#### [Exercise requirements]
From the records below, extract only the lines running from the line with "以上就是在寒冷的冬天,湖里的" to the line with "Bird eye view", both lines included, reproducing them exactly.

[Exercise data — start]

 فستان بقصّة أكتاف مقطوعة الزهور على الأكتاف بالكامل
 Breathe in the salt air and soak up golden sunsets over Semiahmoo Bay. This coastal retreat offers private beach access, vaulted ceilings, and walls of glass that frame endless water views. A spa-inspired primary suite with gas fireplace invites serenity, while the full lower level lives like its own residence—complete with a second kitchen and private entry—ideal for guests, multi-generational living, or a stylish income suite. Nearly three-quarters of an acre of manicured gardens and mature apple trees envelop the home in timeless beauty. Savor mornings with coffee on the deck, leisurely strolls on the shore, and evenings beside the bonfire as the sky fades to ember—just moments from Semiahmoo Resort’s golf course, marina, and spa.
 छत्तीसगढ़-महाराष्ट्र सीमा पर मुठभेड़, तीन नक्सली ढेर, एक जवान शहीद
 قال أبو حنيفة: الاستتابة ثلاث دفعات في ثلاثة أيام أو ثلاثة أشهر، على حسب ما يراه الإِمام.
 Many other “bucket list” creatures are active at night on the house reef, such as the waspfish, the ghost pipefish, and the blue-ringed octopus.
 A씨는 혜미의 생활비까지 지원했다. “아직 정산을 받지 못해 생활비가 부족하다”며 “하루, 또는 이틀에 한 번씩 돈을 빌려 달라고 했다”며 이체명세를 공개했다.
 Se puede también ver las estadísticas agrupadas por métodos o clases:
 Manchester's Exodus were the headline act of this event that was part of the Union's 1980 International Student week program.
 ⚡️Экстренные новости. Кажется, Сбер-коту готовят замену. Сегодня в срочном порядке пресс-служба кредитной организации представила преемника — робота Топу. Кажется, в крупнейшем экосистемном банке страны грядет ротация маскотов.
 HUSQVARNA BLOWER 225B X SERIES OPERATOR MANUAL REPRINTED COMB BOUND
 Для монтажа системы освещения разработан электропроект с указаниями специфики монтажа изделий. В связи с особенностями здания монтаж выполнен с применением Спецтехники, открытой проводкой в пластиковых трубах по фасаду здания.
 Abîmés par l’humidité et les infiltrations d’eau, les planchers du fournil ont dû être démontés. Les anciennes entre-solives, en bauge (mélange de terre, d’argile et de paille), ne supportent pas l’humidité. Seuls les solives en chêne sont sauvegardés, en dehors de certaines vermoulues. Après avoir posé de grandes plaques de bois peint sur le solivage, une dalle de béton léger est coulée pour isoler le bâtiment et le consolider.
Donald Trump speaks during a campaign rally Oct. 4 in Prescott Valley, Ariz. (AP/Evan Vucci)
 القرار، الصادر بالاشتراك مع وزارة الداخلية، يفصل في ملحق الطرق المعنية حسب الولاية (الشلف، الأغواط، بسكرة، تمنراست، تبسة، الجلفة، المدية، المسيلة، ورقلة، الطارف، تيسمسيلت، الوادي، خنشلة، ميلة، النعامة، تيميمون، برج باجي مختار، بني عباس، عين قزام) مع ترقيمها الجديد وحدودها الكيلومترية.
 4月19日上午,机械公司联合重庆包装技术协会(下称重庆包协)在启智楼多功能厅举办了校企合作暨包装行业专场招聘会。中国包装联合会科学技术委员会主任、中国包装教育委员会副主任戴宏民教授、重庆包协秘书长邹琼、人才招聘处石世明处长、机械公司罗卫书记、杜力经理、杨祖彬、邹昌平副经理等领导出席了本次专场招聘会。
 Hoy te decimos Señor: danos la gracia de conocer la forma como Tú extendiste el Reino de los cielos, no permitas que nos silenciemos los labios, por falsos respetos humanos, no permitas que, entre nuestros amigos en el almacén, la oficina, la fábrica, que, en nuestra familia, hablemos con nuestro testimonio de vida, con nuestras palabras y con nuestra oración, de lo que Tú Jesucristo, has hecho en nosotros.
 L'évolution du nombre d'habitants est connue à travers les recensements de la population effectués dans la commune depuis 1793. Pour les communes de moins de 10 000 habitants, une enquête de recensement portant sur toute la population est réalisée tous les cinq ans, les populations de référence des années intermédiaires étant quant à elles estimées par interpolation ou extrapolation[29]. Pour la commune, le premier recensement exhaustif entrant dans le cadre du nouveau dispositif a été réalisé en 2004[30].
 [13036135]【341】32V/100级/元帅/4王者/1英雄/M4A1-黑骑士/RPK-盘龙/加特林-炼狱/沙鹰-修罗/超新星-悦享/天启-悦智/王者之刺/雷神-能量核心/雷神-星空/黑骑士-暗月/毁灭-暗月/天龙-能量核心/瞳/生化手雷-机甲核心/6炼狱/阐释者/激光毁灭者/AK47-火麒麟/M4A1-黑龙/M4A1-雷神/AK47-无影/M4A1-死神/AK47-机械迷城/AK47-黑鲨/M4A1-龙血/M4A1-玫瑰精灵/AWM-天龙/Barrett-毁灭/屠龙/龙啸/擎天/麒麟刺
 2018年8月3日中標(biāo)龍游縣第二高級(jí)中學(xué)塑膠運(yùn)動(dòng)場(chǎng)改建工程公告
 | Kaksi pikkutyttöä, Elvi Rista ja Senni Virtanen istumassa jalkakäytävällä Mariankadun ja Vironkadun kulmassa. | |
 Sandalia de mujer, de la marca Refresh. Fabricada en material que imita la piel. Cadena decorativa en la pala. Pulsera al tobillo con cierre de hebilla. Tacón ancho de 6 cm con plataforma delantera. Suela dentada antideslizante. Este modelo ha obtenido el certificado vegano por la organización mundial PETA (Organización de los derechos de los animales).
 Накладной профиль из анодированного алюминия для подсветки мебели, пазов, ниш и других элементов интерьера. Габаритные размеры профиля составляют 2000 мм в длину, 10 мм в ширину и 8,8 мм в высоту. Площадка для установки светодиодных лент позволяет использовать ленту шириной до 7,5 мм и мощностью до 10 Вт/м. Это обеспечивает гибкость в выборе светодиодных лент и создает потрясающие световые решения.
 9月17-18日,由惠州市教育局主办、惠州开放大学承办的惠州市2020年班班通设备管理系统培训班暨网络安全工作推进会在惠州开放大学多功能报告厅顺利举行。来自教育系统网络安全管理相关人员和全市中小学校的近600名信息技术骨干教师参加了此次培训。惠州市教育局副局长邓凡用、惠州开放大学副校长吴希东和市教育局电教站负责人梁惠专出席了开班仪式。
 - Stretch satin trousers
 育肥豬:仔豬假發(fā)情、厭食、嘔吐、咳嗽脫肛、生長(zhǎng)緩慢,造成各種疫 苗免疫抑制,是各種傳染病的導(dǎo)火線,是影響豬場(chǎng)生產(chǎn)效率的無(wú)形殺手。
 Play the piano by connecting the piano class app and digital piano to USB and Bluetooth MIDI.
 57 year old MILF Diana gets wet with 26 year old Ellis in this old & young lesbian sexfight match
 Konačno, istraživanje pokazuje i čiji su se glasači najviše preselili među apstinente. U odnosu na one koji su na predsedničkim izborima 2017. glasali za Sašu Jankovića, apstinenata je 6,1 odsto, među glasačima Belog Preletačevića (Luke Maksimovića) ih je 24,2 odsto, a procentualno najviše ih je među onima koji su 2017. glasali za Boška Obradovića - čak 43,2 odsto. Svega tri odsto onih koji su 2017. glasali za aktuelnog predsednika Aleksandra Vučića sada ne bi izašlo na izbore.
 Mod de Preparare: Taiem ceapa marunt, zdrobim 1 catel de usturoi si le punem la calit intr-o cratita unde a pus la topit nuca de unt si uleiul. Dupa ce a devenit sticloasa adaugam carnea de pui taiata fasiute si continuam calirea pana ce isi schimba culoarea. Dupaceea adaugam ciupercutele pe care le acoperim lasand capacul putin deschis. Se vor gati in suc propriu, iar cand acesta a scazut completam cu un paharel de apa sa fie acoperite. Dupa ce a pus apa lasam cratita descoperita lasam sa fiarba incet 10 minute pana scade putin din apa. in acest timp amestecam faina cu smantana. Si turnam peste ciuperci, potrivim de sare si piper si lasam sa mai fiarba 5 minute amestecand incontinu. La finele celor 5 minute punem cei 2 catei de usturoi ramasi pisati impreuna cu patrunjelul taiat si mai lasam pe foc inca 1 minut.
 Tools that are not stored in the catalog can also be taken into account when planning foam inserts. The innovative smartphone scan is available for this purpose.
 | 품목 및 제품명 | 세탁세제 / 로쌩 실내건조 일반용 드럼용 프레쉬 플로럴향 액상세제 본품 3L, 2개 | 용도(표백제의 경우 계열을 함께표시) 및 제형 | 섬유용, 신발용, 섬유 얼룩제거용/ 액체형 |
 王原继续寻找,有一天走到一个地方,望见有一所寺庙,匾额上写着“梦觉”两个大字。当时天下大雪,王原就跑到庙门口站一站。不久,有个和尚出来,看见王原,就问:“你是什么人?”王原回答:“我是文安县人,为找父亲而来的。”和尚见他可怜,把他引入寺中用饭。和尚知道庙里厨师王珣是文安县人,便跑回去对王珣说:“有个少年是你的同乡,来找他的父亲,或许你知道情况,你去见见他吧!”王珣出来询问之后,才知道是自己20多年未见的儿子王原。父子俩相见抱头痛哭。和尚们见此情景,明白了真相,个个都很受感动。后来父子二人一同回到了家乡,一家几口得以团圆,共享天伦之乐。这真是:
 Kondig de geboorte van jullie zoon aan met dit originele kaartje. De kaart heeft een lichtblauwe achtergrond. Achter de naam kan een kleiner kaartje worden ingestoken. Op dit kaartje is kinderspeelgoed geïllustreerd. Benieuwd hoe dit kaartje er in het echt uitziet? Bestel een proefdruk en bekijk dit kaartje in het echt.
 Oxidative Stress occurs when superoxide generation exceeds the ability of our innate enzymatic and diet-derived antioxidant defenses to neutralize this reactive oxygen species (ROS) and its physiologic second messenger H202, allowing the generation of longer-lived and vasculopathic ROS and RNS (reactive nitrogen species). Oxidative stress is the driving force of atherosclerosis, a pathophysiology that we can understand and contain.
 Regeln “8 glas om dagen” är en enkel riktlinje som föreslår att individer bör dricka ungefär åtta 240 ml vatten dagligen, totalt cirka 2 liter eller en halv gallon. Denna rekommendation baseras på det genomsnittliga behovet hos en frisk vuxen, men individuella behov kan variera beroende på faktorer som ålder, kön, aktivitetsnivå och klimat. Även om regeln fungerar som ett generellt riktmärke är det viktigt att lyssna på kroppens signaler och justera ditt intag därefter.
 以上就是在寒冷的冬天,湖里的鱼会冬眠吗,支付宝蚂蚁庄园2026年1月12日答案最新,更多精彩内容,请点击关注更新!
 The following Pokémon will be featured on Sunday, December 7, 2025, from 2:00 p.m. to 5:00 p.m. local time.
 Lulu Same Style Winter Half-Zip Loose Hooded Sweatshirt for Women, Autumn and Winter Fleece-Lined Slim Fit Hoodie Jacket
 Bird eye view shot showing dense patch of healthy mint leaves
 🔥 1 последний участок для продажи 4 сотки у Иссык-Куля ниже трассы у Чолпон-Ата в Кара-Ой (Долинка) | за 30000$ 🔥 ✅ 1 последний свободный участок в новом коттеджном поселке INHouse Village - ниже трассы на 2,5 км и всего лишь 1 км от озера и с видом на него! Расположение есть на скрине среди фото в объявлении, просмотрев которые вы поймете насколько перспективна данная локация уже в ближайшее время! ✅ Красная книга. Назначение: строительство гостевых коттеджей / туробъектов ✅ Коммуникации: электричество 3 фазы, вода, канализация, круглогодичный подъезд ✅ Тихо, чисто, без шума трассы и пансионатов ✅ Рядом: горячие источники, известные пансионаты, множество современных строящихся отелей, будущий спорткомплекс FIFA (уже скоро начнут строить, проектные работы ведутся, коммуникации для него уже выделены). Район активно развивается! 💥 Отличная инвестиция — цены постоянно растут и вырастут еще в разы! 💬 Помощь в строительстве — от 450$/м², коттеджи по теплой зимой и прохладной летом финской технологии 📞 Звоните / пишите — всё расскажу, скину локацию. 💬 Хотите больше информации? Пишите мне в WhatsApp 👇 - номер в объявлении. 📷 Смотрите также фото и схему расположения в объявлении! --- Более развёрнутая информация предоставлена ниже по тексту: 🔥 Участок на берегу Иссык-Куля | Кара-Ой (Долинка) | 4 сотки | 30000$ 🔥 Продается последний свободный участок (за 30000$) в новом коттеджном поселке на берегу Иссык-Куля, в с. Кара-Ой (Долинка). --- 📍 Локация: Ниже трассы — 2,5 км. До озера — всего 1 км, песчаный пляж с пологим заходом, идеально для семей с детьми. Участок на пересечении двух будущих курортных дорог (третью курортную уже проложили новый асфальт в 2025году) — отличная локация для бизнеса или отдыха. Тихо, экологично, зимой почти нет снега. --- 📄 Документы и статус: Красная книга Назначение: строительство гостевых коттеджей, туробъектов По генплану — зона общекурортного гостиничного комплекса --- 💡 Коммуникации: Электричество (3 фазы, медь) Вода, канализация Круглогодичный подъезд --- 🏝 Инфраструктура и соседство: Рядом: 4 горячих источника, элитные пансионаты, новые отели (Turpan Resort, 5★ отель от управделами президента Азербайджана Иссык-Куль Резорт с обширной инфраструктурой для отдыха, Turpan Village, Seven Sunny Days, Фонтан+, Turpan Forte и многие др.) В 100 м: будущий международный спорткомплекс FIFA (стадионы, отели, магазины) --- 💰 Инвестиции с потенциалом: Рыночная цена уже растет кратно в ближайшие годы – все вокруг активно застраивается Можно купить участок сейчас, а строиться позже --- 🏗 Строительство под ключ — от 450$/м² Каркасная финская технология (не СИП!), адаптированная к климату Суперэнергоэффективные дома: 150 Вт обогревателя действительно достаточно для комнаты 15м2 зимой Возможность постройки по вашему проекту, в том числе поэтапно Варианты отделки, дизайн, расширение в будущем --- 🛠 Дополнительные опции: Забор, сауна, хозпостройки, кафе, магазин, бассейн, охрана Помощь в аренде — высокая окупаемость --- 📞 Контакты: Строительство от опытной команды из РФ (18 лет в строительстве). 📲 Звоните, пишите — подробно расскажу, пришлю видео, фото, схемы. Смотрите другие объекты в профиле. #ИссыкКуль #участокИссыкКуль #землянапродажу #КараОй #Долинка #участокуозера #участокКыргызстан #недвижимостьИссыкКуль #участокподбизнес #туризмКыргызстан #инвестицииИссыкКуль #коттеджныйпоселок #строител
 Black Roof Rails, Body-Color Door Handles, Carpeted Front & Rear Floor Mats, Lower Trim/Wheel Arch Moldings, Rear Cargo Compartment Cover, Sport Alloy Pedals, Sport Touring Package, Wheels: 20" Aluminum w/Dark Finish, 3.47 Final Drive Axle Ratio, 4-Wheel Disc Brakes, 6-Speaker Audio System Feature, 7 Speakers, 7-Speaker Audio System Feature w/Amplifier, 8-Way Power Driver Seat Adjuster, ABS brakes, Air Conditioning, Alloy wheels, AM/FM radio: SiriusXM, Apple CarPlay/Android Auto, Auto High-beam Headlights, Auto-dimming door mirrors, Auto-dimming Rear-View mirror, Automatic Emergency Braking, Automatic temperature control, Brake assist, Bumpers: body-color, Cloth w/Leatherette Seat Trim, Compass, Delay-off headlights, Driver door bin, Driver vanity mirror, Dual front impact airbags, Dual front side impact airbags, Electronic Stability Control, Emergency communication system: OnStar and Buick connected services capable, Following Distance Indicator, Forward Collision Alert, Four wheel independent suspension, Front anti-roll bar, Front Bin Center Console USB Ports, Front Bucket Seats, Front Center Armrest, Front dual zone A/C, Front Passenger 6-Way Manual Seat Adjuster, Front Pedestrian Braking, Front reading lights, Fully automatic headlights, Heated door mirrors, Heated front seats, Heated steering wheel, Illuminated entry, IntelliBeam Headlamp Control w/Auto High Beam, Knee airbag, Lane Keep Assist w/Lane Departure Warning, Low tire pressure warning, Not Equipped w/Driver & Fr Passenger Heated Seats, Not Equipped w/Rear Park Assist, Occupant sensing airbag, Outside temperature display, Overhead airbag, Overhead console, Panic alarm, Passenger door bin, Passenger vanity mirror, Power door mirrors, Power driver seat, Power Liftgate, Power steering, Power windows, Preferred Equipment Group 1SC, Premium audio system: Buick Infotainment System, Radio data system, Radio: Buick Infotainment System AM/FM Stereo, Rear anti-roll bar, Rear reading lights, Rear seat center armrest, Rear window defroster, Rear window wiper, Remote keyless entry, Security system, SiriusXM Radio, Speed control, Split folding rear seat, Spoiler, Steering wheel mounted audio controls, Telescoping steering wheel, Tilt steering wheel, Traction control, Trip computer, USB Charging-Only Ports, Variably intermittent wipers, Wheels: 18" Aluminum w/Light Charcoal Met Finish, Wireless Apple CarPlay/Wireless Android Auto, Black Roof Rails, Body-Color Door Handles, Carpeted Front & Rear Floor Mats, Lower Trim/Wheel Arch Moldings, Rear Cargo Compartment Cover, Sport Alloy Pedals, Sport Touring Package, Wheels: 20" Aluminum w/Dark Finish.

[Exercise data — finish]

#### [Response to this task]
 以上就是在寒冷的冬天,湖里的鱼会冬眠吗,支付宝蚂蚁庄园2026年1月12日答案最新,更多精彩内容,请点击关注更新!
 The following Pokémon will be featured on Sunday, December 7, 2025, from 2:00 p.m. to 5:00 p.m. local time.
 Lulu Same Style Winter Half-Zip Loose Hooded Sweatshirt for Women, Autumn and Winter Fleece-Lined Slim Fit Hoodie Jacket
 Bird eye view shot showing dense patch of healthy mint leaves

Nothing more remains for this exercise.